**The problem**
Starting at the line that contains "ഐ.പി സി തിരുവനന്തപുരം", copy every line to the end of the material below exactly, and omit the pictures.

**Source material**
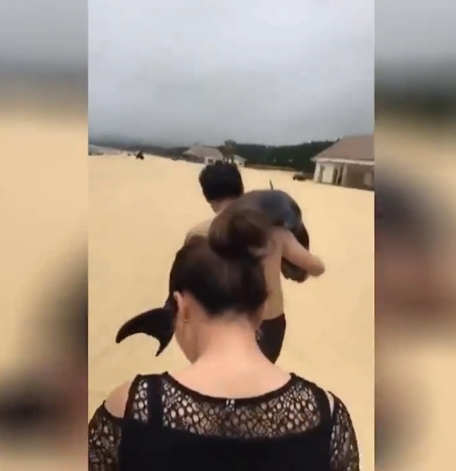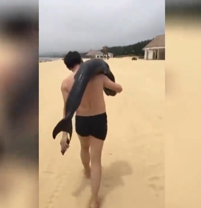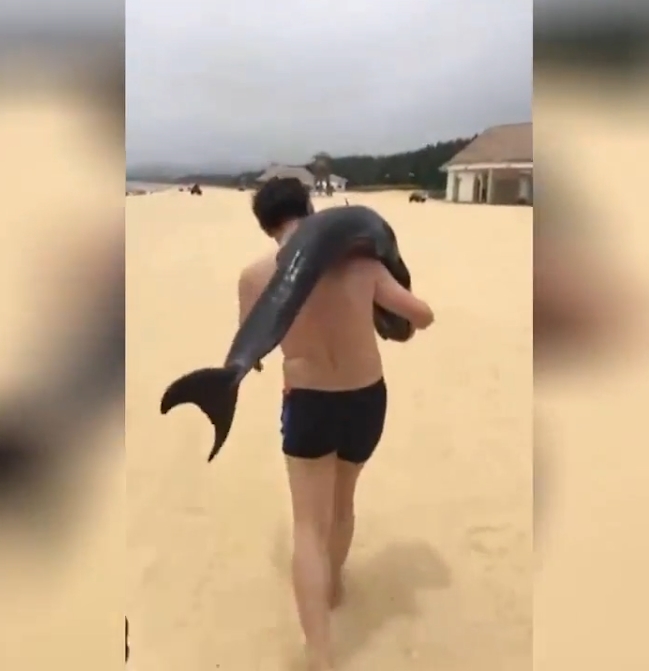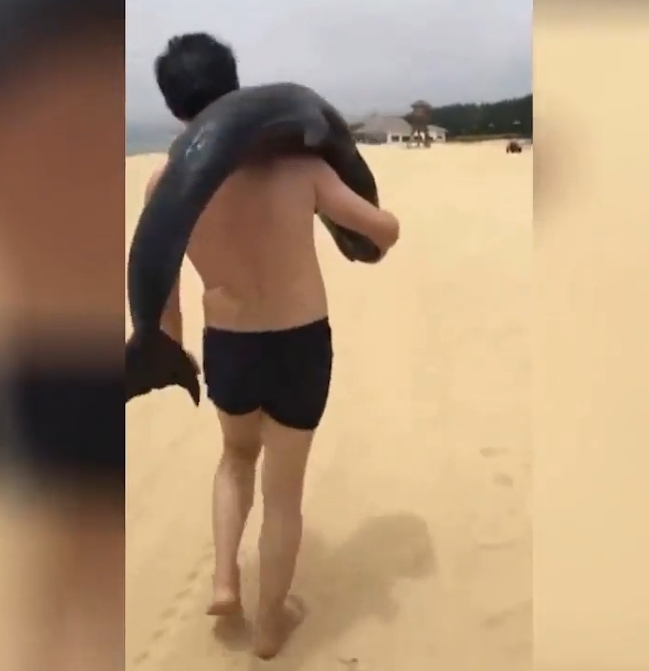 지난 1일(현지시각) 촬영된 영상엔 중국 광둥성(Guangdong) 양지앙(Hailing Island) 휴양지의 해변을 따라 걷고 있는 한 남성을 보여주고 있다. 놀라운 것은 남성 어깨 위로 힘없이 축 늘어져 있는 돌고래 한마리의 모습 때문이다.
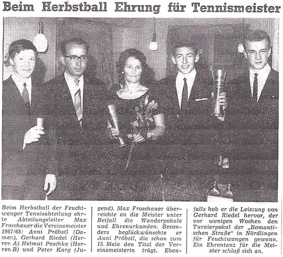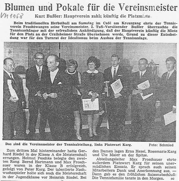 Vereinsmeisterschaft 1968 Herren A - Einzel Traditioneller Herbstball im Café am Kreuzgang
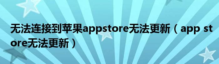 今天小饼为大家解答以下问题,关于无法连接到苹果appstore无法更新,app store无法更新很多人还不知道,现在让我们一起来看看吧!
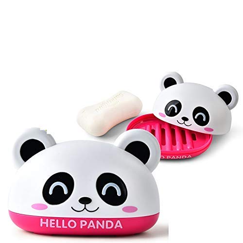Gugzy Cute Panda Soap Box Holder with Cover Bathroom Storage Shelves Racks Floor Type Kitchen Sponge Drain Holder Accessories Supplies (Blue, plastic)
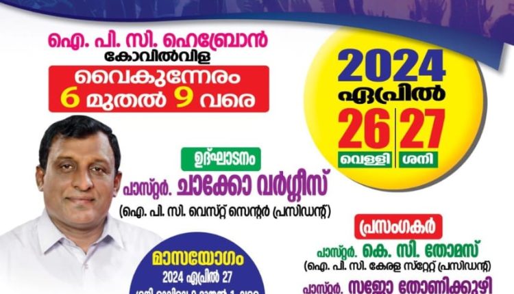 ഐ.പി സി തിരുവനന്തപുരം വെസ്റ്റ് സെൻ്ററിൻ്റെ ആഭിമുഖ്യത്തിൽ സുവിശേഷ മഹാ യോഗവും പുത്രികാ സംഘടനകളുടെ വാർഷിക സമ്മേളനവും
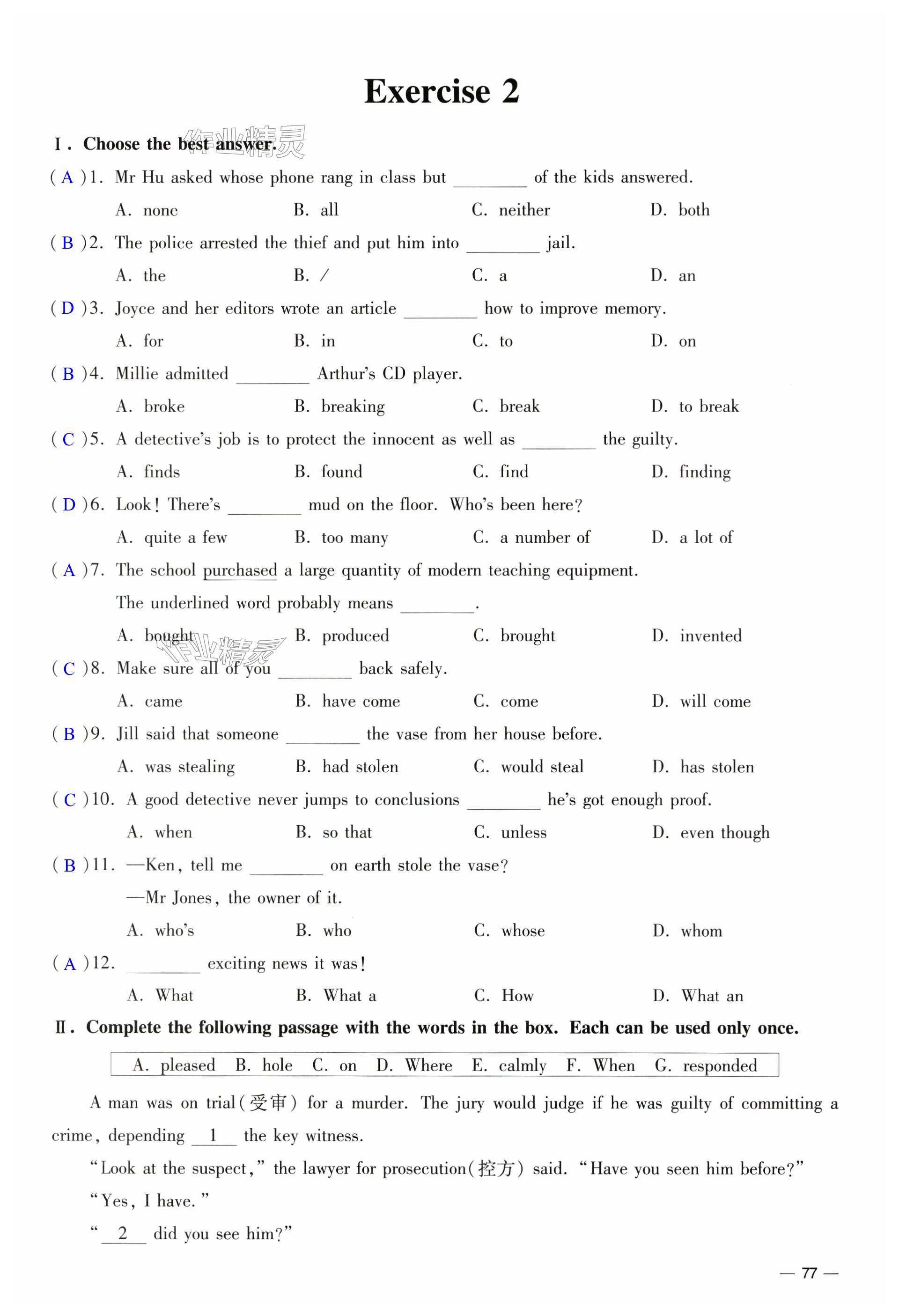 注:目前有些书本章节名称可能整理的还不是很完善,但都是按照顺序排列的,请同学们按照顺序仔细查找。练习册 2024年中学生世界九年级英语全一册沪教版54制 答案主要是用来给同学们做完题方便对答案用的,请勿直接抄袭。

**Answer**
 ഐ.പി സി തിരുവനന്തപുരം വെസ്റ്റ് സെൻ്ററിൻ്റെ ആഭിമുഖ്യത്തിൽ സുവിശേഷ മഹാ യോഗവും പുത്രികാ സംഘടനകളുടെ വാർഷിക സമ്മേളനവും
 注:目前有些书本章节名称可能整理的还不是很完善,但都是按照顺序排列的,请同学们按照顺序仔细查找。练习册 2024年中学生世界九年级英语全一册沪教版54制 答案主要是用来给同学们做完题方便对答案用的,请勿直接抄袭。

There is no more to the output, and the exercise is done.